Saturday, June 09, 2007

Media-Whore's D'Oevres

"Because 'pictures of a middle-aged Princess Margaret churning grandly around the dance floor in her caftan in Mustique hardly moved product' — and Brown should know, having trumpeted that princess’ 'Mustique mystique' for The Tatler — 'the guessing game of the Prince of Wales’s love life was the sole excitement for the media.” And what excitement it was. The prince was Europe’s most eligible bachelor, and his romantic exploits became fodder for an increasingly rapacious media machine.

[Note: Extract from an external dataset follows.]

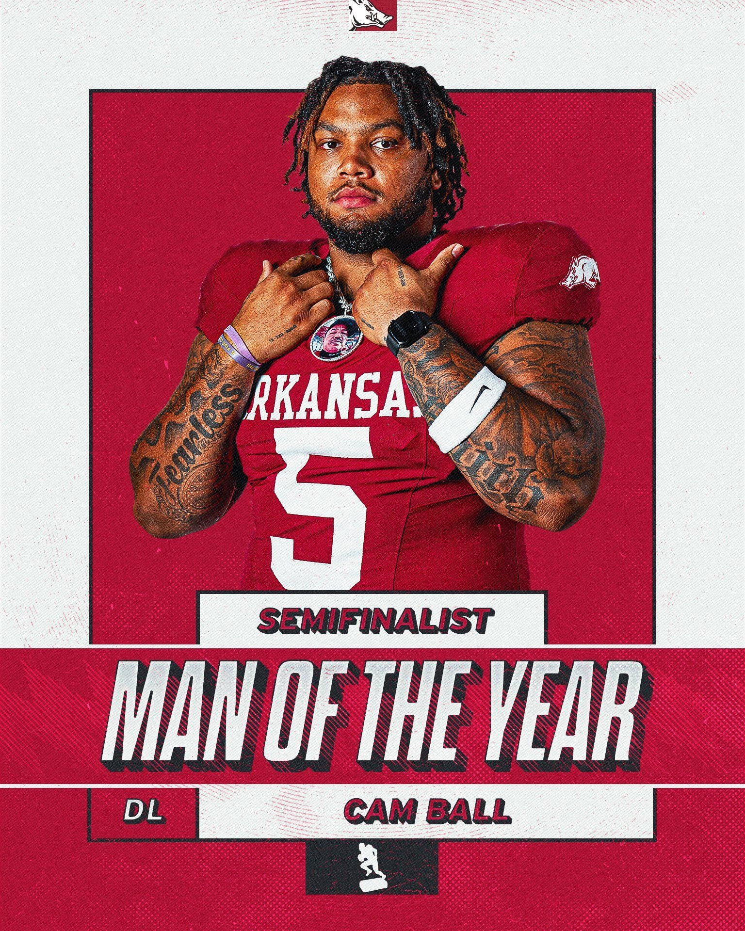 🔺 He’s The Man. Arkansas defensive lineman Cam Ball has been named a semifinalist for the 2025 Jason Witten Collegiate Man of the Year Award, recognizing his leadership on and off the field. He has been involved in over 120 events and founded his own non-profit.

Before Diana, Charles had tried to evade the tabloids’ scrutiny by bedding married women, 'because the need for secrecy made them safe.' But when he began appearing publicly with Diana — the 19-year-old debutante with .. legs that seemed 'to extend up to her ears like Bambi' — secrecy ceased to be an option." (NYTBookReview)


"Tony (Soprano) has some mystical solar revelation in Nevada a couple of episodes back and it's now instantly forgotten as the show resumes reinforcing its core conviction that life is an inequitable distribution of very degrees, shades, and consistencies of crap with death creeping into every cell. I thought last week's murder bouquet was a mixed bag, the hit on Bobby full of tense foreplay (intercutting the toy trains with the killers' brisk pacings) but overelaborately executed and showoffy, with a visual metaphor so blatantly telegraphed (the train plunging off the tracks, symbolizing Tony's entire setup going off the rails) that it almost seemed a parody." (jamesWolcott)

"George W. Bush's 2004 campaign fund-raisers and contributors are being bombarded with appeals for money by Sen. John McCain's heavy-spending, money-short 2008 campaign .. McCain's money-raisers are hard put to reach the $10 million goal set for the second quarter of 2008 by the June 30 deadline, after collecting $12 million in the first quarter. McCain raised $2 million in April and $3 million in May, and is expected to reach $2-3 million in June -- falling short of the $10 million goal and of what his opponents have raised." (RobertNovack)

"Republican Newt Gingrich, in a jab at President Bush, warned on Friday that the GOP will lose the White House and Congress in 2008 if the nominee is perceived as a continuation of the Bush presidency. Addressing a conservative organization, the former House Speaker never mentioned the president by name, but his political point was clear. He has roundly criticized the Bush administration in recent interviews, describing the White House as dysfunctional and saying the president has driven the party into collapse. While he refrained from direct criticism Friday, he cited failures in Iraq, border security and the response to Hurricane Katrina as signs of a broken government. His comments come just days after a Republican presidential debate in which GOP candidates criticized Bush over his handling of the Iraq war, his diplomatic style and his approach to immigration.